Last week, I was reading my favorite author’s blog called “What’s Your Focus Word for 2015?”. In her blog, she wrote that every year she chooses one word to be her focus word for the year and this year she chose Faithfulness. I thought, what a great idea! So, I started thinking about what my focus word would be for 2015, and guess what the first word was that popped into my mind? Surrender. Ugh….not exactly what I was hoping for! But after thinking it over, it made perfect sense because in my last blog I had mentioned that I’ve been really struggling with wanting to control the people and circumstances in my life.

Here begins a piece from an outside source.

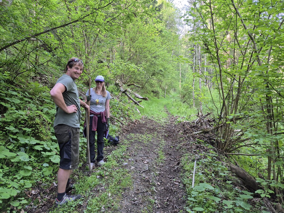 Bei der gemeinsamen Aktion werden kleinere Arbeiten am Weg direkt erledigt wie zB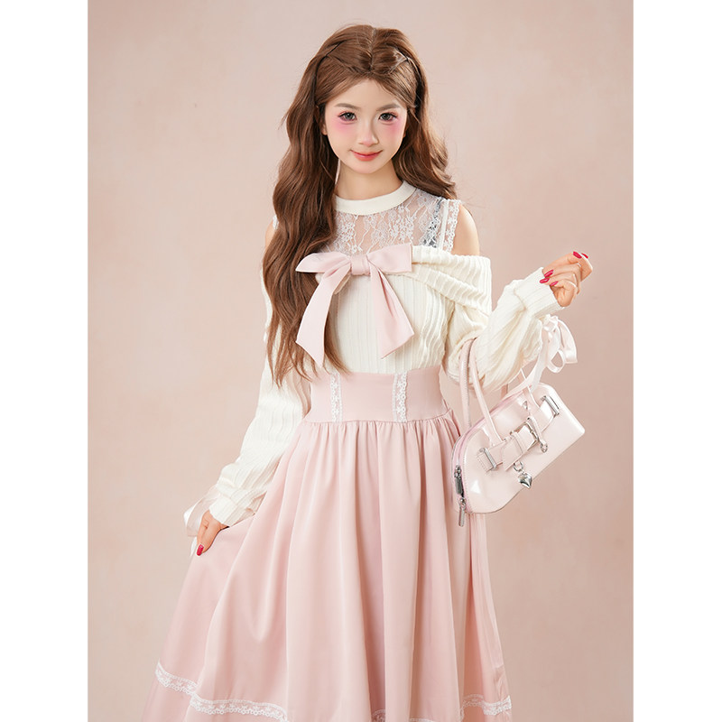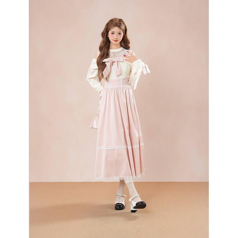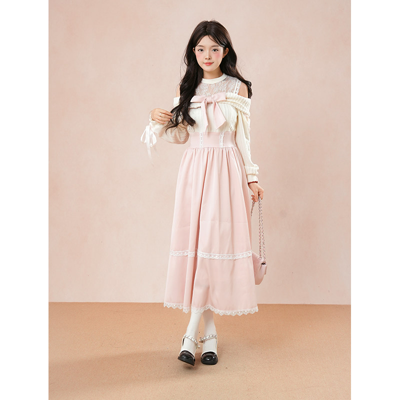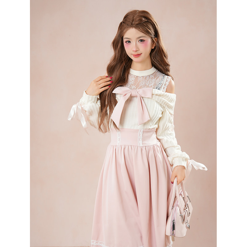 秋日絮语 清楚系优雅温柔浅粉露肩连衣裙女气质修身蕾丝长袖长裙

So, if surrender is my focus word, then what does it really mean to surrender? First, I looked up the word in a dictionary. According to Dictionary.com, surrender means “to relinquish possession or control over” or “to give up control of something to someone else”.
Next, I opened my Bible to see what I could find in Scripture. Here are a few verses that stood out to me:
“Surrender yourself to the Lord, and wait patiently for him.” ~ Psalm 37:7 (GWT)
“Surrender your heart to God, turn to him in prayer.” ~ Job 11:13 (CEV)
After researching what it means to surrender, I discovered that instead of relying on God to work things out, I’ve been trying to manipulate others, force my agenda, and control every situation. For the past few years, I have really struggled with wanting to control my kids. It was easier to do that when they were little, but now that they are teenagers, it’s all out war!
The truth is, my desire to control everything stems from fear; from wanting to protect my kids from failure and from the hurts of life. But I’m learning that I can’t control everything, no matter how hard I try. What I need to do is let go of my kids and let God work. I need to step out of God’s way, because he may be using a problem or circumstance either to fulfill his purpose in my life or in my child’s life.
For me, surrendering means I must be willing to follow God even if I don’t know where he is taking me. It also means I need to trust God’s purpose for my life (and my kids’ lives) even if I don’t understand the circumstances. But the bottom line is this: Surrender isn’t about giving up; it’s about letting go.